Even if hypothetically the situation is conducive for Japan to host the Olympics, will the world’s athletes be eager to participate? It’s similar to ‘Rolling Recession’ in economics, a state where as one sector enters recovery, the slowdown will hit another part of the economy. There will also be question marks over the long-term effect COVID-19 has on fan behaviour. A die-hard supporter will most certainly return to the stadium once the matches resume. Will a casual spectator, who might have otherwise travelled to the venue, risk being part of a large public gathering that soon?

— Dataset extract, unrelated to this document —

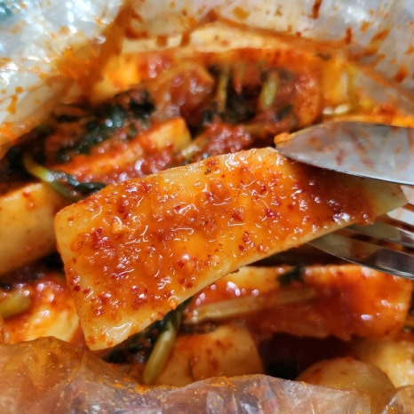 김치통에 넣으면서 작게 잘라서 한입해봤어요
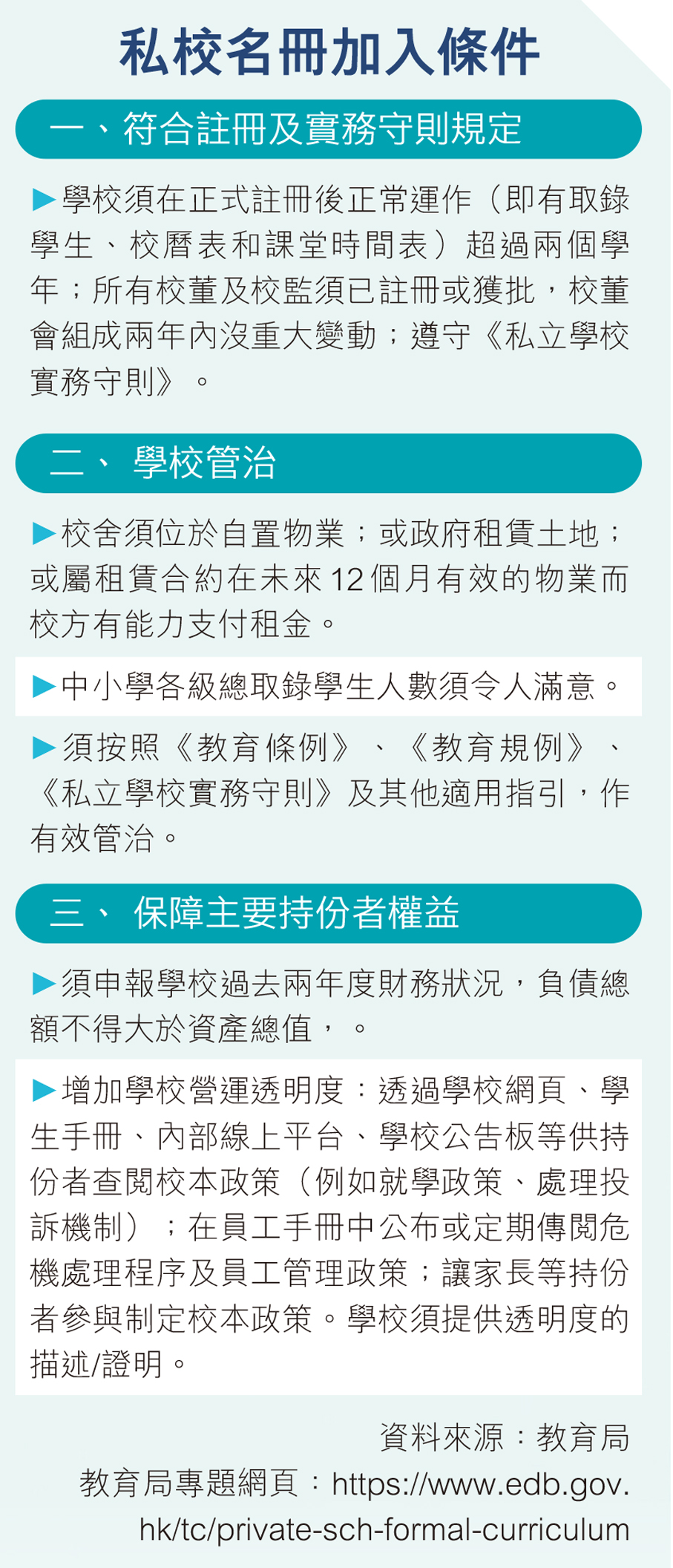 為完善香港私立教育生態,教育局今年1月推出私校實務守則,就私校的學校管理、財務、人事、校舍及安全、學與教、學生事務等六方面提供清晰營運指引;至昨日局方亦發出通函,公布加入私立學校名冊條件,並邀請學校加入,逐步落實私校質素保證新制度。

For now, the governing bodies of different sports have presented a fairly optimistic outlook. English football has been suspended only till the end of April while tennis until early June. The IPL hopes to chug along from mid-April at least in a truncated form. But amidst devastation of such huge magnitude, it is safe to say that the world will not hurtle towards normalcy but only slowly mend. As sportswriter Jonathan Liew called it in The Guardian , “This is, in short, the most seismic disruption to the sporting calendar since the second world war, with the possibility that an obliterated spring is simply the prelude to an annihilated summer and a torched autumn.”

And until such a time the hiatus stretches, fans and players can twiddle their thumbs and get by. But the task is cut out for those organisers looking for damage-limiting solutions, broadcasters staring at empty slots of programming and newspaper editors scrambling to find content to populate their columns with.